*** Opening of Data provided ***
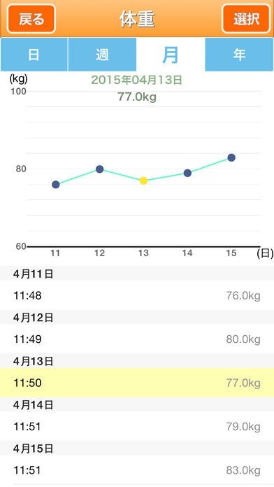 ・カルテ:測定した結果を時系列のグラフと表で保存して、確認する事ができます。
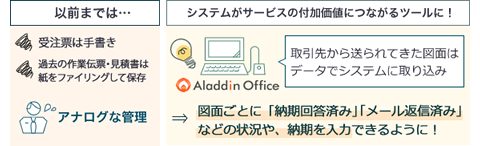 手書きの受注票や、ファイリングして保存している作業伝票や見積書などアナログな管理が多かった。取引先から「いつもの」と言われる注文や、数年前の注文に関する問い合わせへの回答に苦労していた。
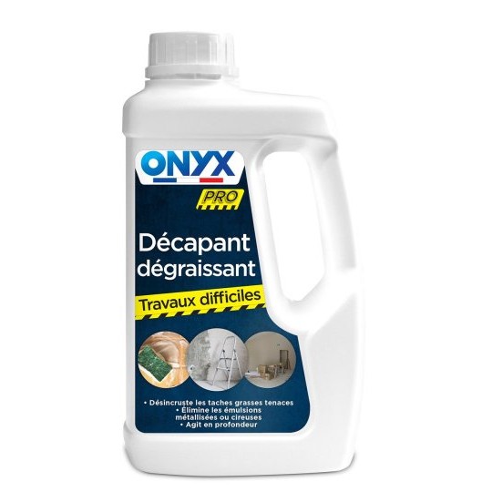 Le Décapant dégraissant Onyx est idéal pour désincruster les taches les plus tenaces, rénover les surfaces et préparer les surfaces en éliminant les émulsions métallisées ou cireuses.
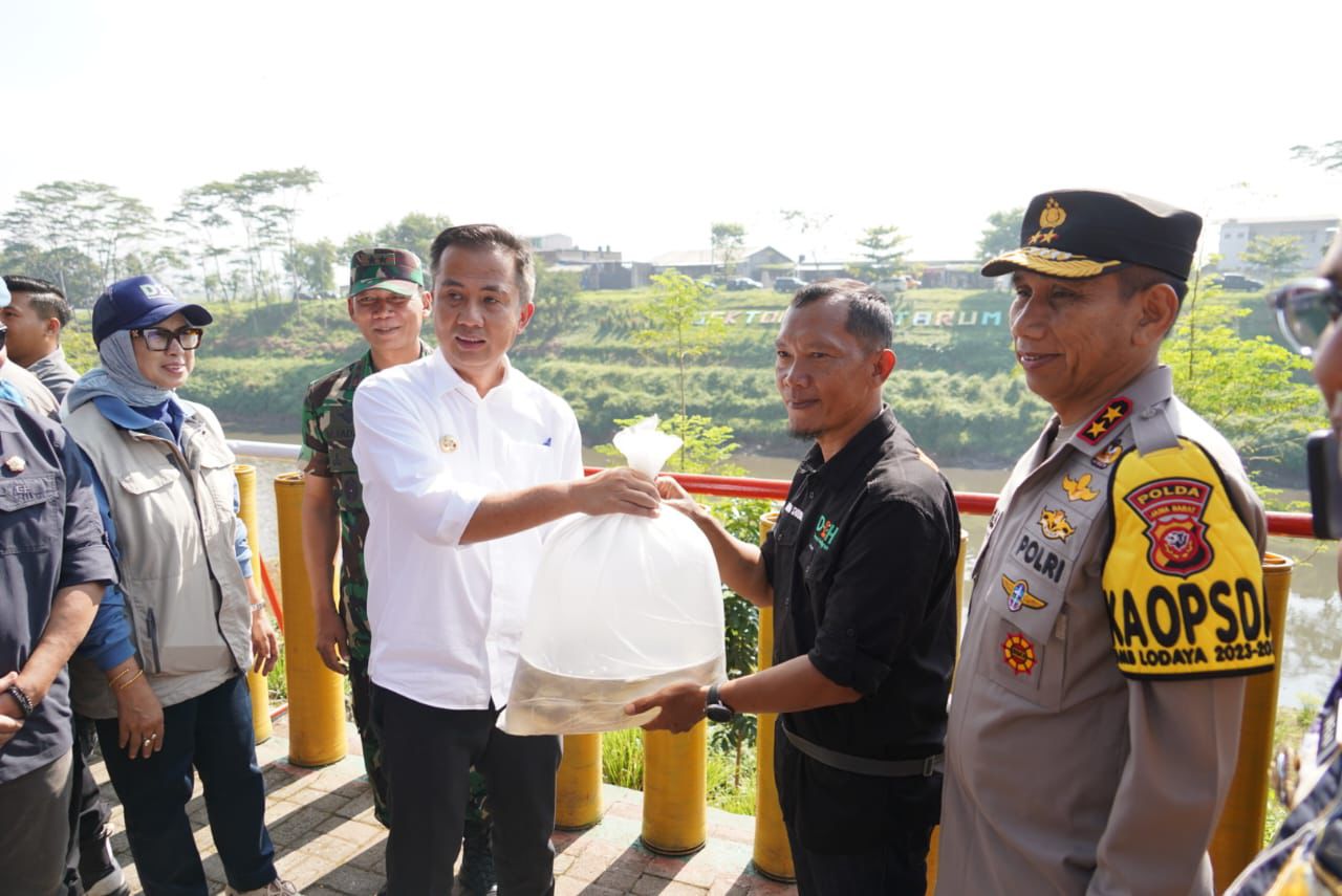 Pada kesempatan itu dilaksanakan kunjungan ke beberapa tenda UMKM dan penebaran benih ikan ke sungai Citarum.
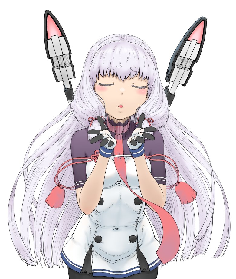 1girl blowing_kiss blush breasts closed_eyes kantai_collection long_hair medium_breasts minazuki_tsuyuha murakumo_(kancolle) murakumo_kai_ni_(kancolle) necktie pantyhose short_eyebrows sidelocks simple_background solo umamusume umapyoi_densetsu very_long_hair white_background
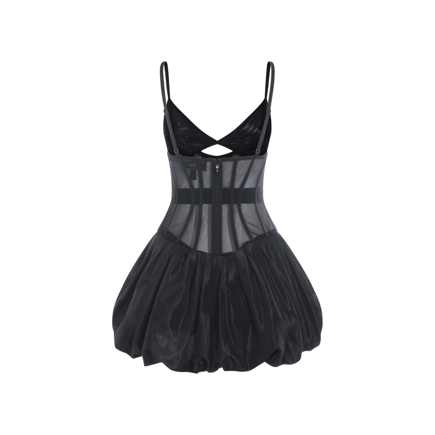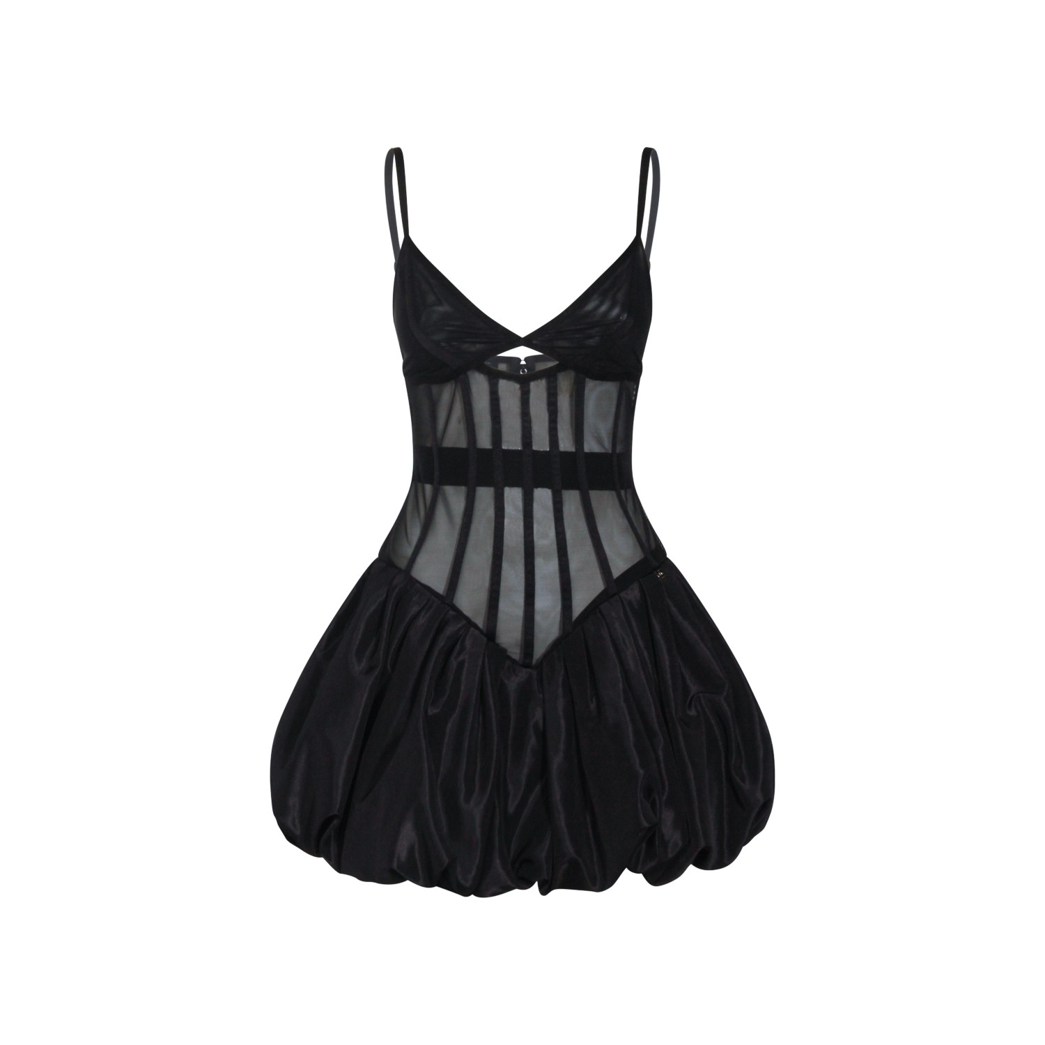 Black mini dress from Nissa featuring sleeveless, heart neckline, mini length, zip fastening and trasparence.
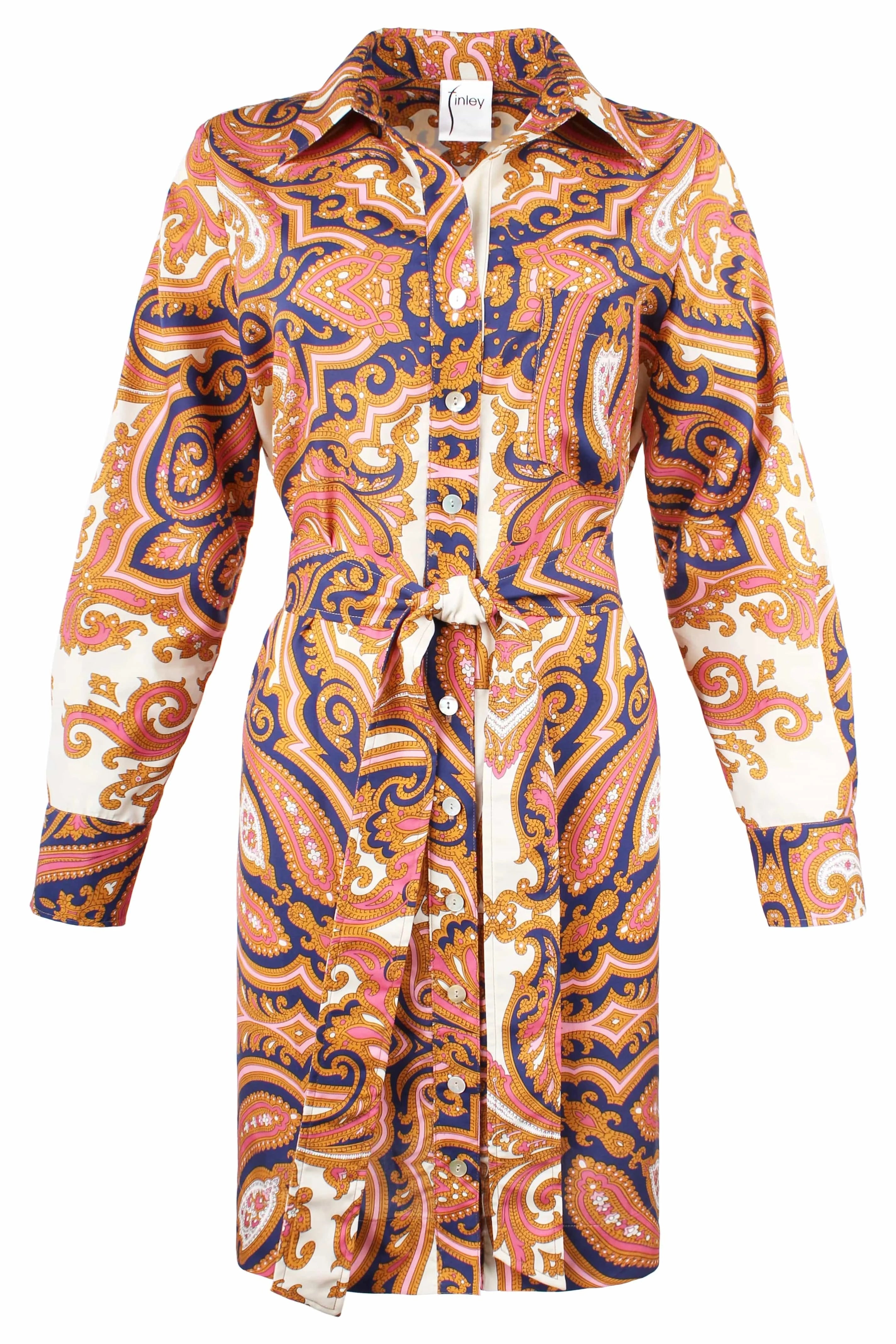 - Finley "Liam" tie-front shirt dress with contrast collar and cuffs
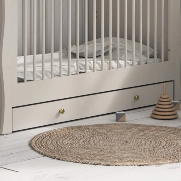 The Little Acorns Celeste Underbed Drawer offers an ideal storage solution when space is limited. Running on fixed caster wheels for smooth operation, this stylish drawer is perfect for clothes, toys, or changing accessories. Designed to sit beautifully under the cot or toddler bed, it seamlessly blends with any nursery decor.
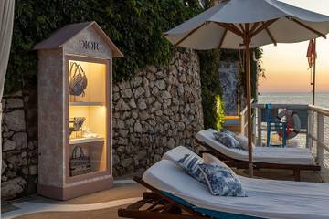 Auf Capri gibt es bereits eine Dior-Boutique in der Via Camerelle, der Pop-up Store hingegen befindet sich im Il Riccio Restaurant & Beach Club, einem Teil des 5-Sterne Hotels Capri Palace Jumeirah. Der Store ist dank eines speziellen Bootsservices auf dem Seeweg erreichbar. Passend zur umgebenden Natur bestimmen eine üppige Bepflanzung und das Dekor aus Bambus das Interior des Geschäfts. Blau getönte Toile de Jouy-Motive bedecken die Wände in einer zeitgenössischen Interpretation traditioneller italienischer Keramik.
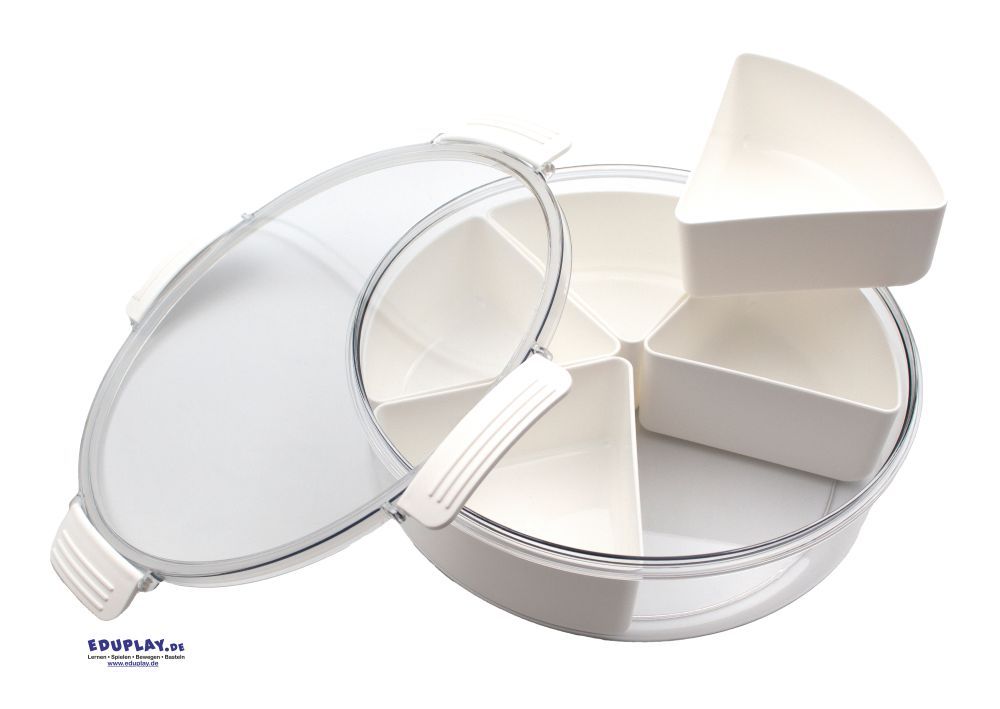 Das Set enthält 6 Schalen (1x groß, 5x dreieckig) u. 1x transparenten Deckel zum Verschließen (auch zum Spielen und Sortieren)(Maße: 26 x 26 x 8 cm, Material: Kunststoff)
*** Close of Data provided ***
Please transcribe, word for word, every line from the first line of the records above through the line containing "The Little Acorns", and leave out any pictures.

 ・カルテ:測定した結果を時系列のグラフと表で保存して、確認する事ができます。
 手書きの受注票や、ファイリングして保存している作業伝票や見積書などアナログな管理が多かった。取引先から「いつもの」と言われる注文や、数年前の注文に関する問い合わせへの回答に苦労していた。
 Le Décapant dégraissant Onyx est idéal pour désincruster les taches les plus tenaces, rénover les surfaces et préparer les surfaces en éliminant les émulsions métallisées ou cireuses.
 Pada kesempatan itu dilaksanakan kunjungan ke beberapa tenda UMKM dan penebaran benih ikan ke sungai Citarum.
 1girl blowing_kiss blush breasts closed_eyes kantai_collection long_hair medium_breasts minazuki_tsuyuha murakumo_(kancolle) murakumo_kai_ni_(kancolle) necktie pantyhose short_eyebrows sidelocks simple_background solo umamusume umapyoi_densetsu very_long_hair white_background
 Black mini dress from Nissa featuring sleeveless, heart neckline, mini length, zip fastening and trasparence.
 - Finley "Liam" tie-front shirt dress with contrast collar and cuffs
 The Little Acorns Celeste Underbed Drawer offers an ideal storage solution when space is limited. Running on fixed caster wheels for smooth operation, this stylish drawer is perfect for clothes, toys, or changing accessories. Designed to sit beautifully under the cot or toddler bed, it seamlessly blends with any nursery decor.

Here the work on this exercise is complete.